In nine years as an escalation engineer for Microsoft’s Global
Escalation Services support team, I’ve found a number of
Microsoft tools especially helpful for resolving tech support issues. In
this new column, What Would Microsoft Support Do?, I’ll show you
how you can use these tools to obtain valuable information that will
help you either facilitate your tech support call or research your own
solution. We’ll start our exploration of Microsoft’s troubleshooting
tools by walking through using the user-mode dump heap (UMDH)
tool to identify and solve a memory-leak problem.
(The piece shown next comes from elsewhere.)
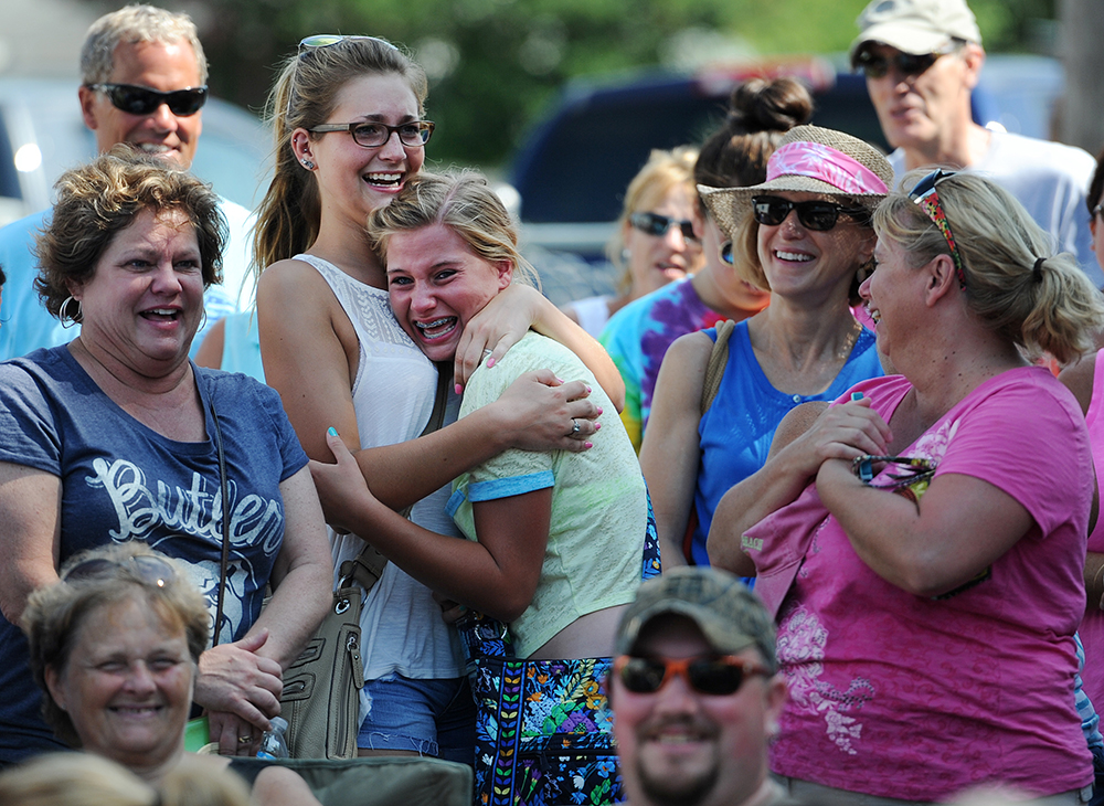 Emily Broeker, right, celebrates with her friend Emma Sykes after placing the winning bid on a Chincoteague Pony foal during the 90th annual Chincoteague Pony Auction on Thursday, July 30, 2015. Each year a portion of the Chincoteague Pony herd is auctioned off to benefit the Chincoteague Volunteer Fire Company, which owns and maintains the herd.

Troubleshooting a Memory Leak
UMDH (umdh.exe) is part of the Debugging Tools for Windows,
which you can download at www.microsoft.com/whdc/devtools/
debugging/installx86.mspx#a. UMDH aids in troubleshooting
process memory leaks by revealing the components responsible
for allocating the most memory. You can use UMDH with Windows
Server 2008, Windows Server 2003, Windows 2000 Server, Windows
Vista, and Windows XP systems.
I recently used UMDH to solve a customer’s memory-leak
problem. The customer’s Performance Monitor logs indicated that
the svchost.exe process was leaking enough memory to cause the
entire system to crawl. However, the information didn’t pinpoint
what components were involved in the leak or the functions those
components executed—information that UMDH could provide.
UMDH Steps
Using UMDH to troubleshoot a memory leak involves a sequence of
straightforward steps. Here’s the process:
1. Use the gflags.exe tool to enable the registry setting Create user
mode stack trace database. This setting lets the system store the process’s
function calls and module listing in a database during execution;
UMDH then dumps the database into an output file. Gflags is installed
when you install the Debugging Tools for Windows. This sample
gflags.exe command enables a setting for the notepad.exe process:
gflags.exe -i notepad.exe +ust
The command sets a registry value that’s read by the system during
process startup and lets the system keep track of the threads that
allocate memory inside the process. After running gflags.exe to
enable the setting, you’ll need to restart the process before you can
perform step 3. Also, remember to turn off the setting after you’ve
completed the necessary tracing for a leaking process. The following
command disables gflags.exe for the notepad.exe process:
gflags.exe -i notepad -ust
2. Set up the Microsoft symbol path to point to the Internet for
symbols. Enabling symbols lets UMDH output the process trace
information in a readable format. Without symbols, each line in
the trace output will show the word “module”’ instead of an actual
.dll name and numbers instead of the function name (more about
the trace output shortly).
To enable symbols, right-click My Computer, click Properties
and the Advanced Tab, then click the Environment Variables button.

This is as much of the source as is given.